Resilience-related Kubernetes labels by SageMaker HyperPod
Labels are key-value pairs that are attached to
Kubernetes objects
Node health status labels
The node-health-status
labels represent the status of the node health
and to be used as part of node selector filter in healthy nodes.
Label | Description |
---|---|
sagemaker.amazonaws.com/node-health-status:
Schedulable |
The node has passed basic health checks and is available for running workloads. This health check is the same as the currently available SageMaker HyperPod resiliency features for Slurm clusters. |
sagemaker.amazonaws.com/node-health-status:
Unschedulable |
The node is running deep health checks and is not available for running workloads. |
sagemaker.amazonaws.com/node-health-status:
UnschedulablePendingReplacement |
The node has failed deep health checks or health-monitoring agent checks and requires a replacement. If automatic node recovery is enabled, the node will be automatically replaced by SageMaker HyperPod. |
sagemaker.amazonaws.com/node-health-status:
UnschedulablePendingReboot |
The node has failed deep health checks or health-monitoring agent checks and requires a reboot. If automatic node recovery is enabled, the node will be automatically rebooted by SageMaker HyperPod. |
Deep health check labels
The deep-health-check-status
labels represent the progress of deep
health check on a specific node. Helpful for Kubernetes users to quickly filter for
progress of overall deep health checks.
Label | Description |
---|---|
sagemaker.amazonaws.com/deep-health-check-status:
InProgress |
The node is running deep health checks and is not available for running workloads. |
sagemaker.amazonaws.com/deep-health-check-status:
Passed |
The node has failed deep health checks or health-monitoring agent checks and requires a replacement. If automatic node recovery is enabled, the node will be automatically replaced by SageMaker HyperPod. |
sagemaker.amazonaws.com/deep-health-check-status:
Failed |
The node has failed deep health checks or health-monitoring agent checks and requires a reboot or replacement. If automatic node recovery is enabled, the node will be automatically rebooted by SageMaker HyperPod. |
Fault type and reason labels
The fallowing describes the fault-type
and fault-reason
labels.
-
fault-type
labels represent high-level fault categories when health checks fail. These are populated for failures identified during both deep health and health-monitoring agent checks. -
fault-reason
labels represent the detailed fault reason associated with afault-type
.
How SageMaker HyperPod labels
The following topics cover how labeling is done depending on various cases.
Topics
When a node is added to a SageMaker HyperPod cluster with deep health check config disabled
When a new node added into cluster, and if deep health check is not enabled for the instance group, SageMaker HyperPod runs the same health checks as the currently available SageMaker HyperPod health checks for Slurm clusters.

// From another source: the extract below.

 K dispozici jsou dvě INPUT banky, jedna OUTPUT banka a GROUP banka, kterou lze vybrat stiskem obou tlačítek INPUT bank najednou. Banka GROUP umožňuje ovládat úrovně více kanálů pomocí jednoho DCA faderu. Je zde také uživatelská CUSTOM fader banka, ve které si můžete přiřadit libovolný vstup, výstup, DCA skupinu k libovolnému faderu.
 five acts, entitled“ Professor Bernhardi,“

If the health check passes, the nodes will be marked with the following label.
sagemaker.amazonaws.com/node-health-status: Schedulable
If the health check doesn't pass, the nodes will be terminated and replaced. This behavior is the same as the way SageMaker HyperPod health check works for Slurm clusters.
When a node is added to a SageMaker HyperPod cluster with deep health check config enabled
When a new node is added into a SageMaker HyperPod cluster, and if the deep health check test is enabled for the instance group, HyperPod first taints the node and starts the ~2-hour deep health check/stress test on the node. There are 3 possible outputs of the node labels after the deep health check.
-
When the deep health check test passes
sagemaker.amazonaws.com/node-health-status: Schedulable
-
When the deep health check test fails, and the instance needs to be replaced
sagemaker.amazonaws.com/node-health-status: UnschedulablePendingReplacement
-
When the deep health check test fails, and the instance needs to be rebooted to rerun the deep health check
sagemaker.amazonaws.com/node-health-status: UnschedulablePendingReboot
If an instance fails the deep health check test, the instance will always be replaced. If the deep health check tests succeeds, the taint on the node will be removed.

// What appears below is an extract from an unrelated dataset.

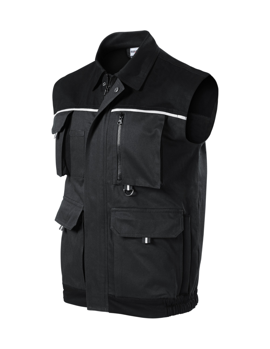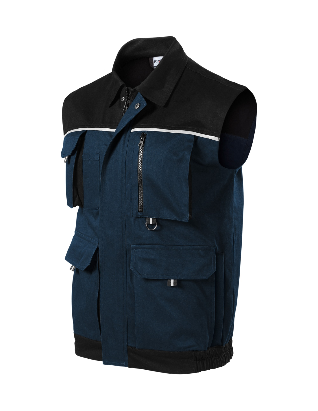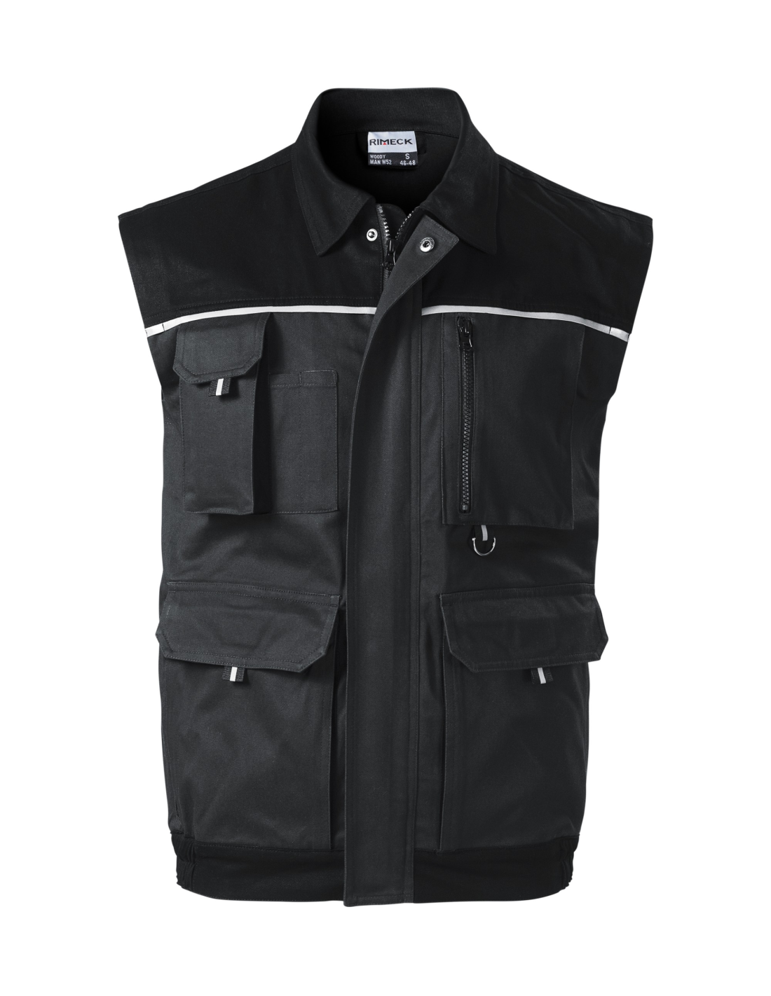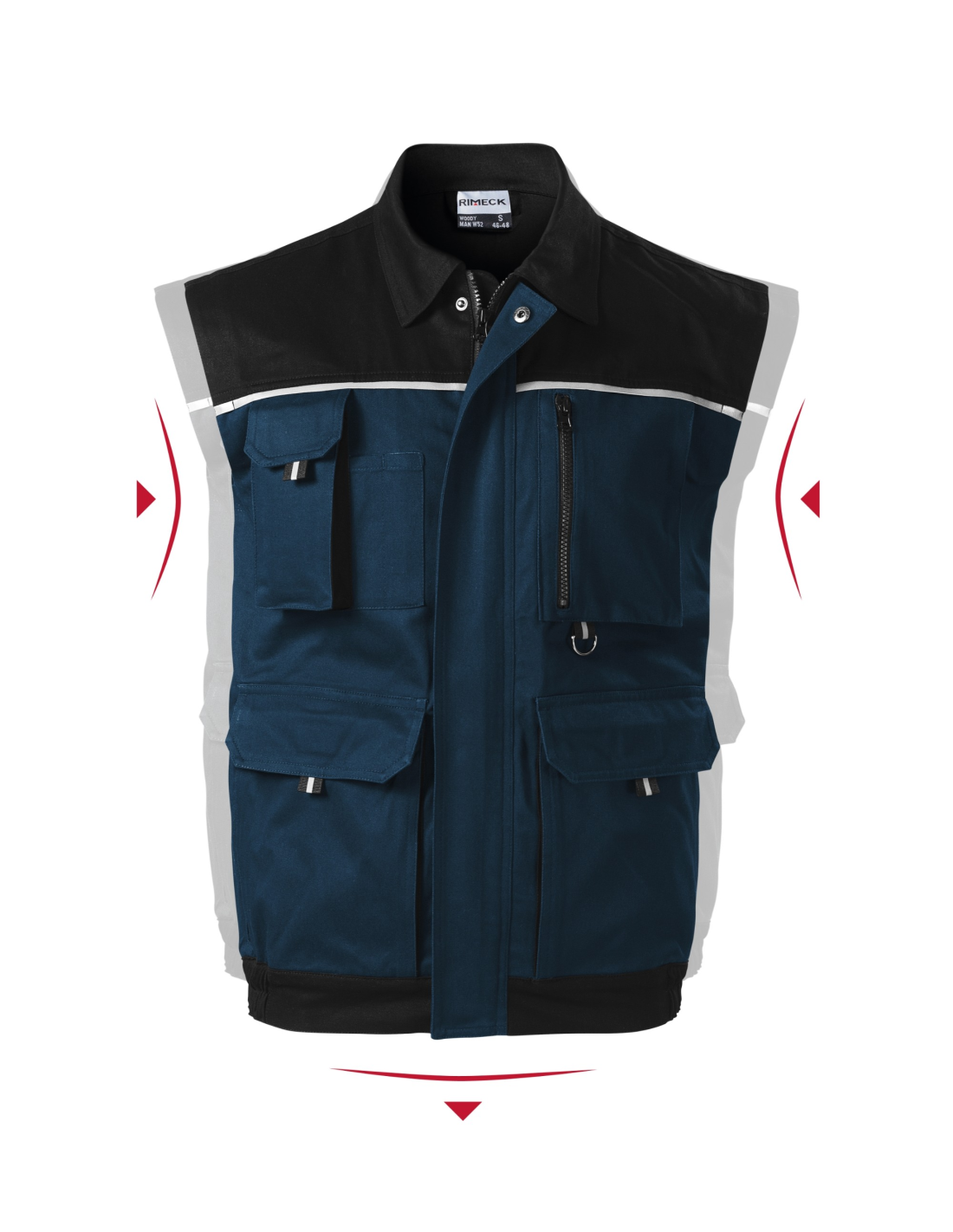 zapinany na całej długości zamek błyskawiczny z klapką, zakładki na plecach, 8 wielofunkcyjnych kieszeni, kieszenie mieszkowe z patką i kieszeniami zapinanymi na zamek, dolna lamówka kamizelki z gumką, metalowa zawieszka w kształcie litery D oraz wieszaczek na klucze i identyfikator, podwójne szwy dla większej trwałości, elementy odblaskowe
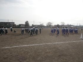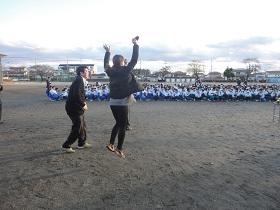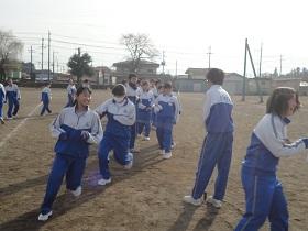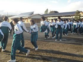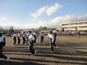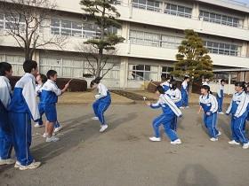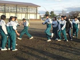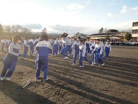 高原山には雪雲がかかり、冷たい高原下ろしが吹き付ける中でしたが、放課後を利用し生徒会主催のスポーツ大会が開催されました。寒さを物ともせず、体育委員会が中心となって「大縄八の字回旋跳び」が行われました。

When there are any compute failures on nodes
The SageMaker HyperPod health monitor agent also continuously monitors the health status of each node. When it detects any failures (such as GPU failure and driver crash), the agent marks the node with one of the following labels.
-
When the node is unhealthy and needs to be replaced
sagemaker.amazonaws.com/node-health-status: UnschedulablePendingReplacement
-
When the node is unhealthy and needs to be rebooted
sagemaker.amazonaws.com/node-health-status: UnschedulablePendingReboot
The health monitor agent also taints the node when it detects any node health issues.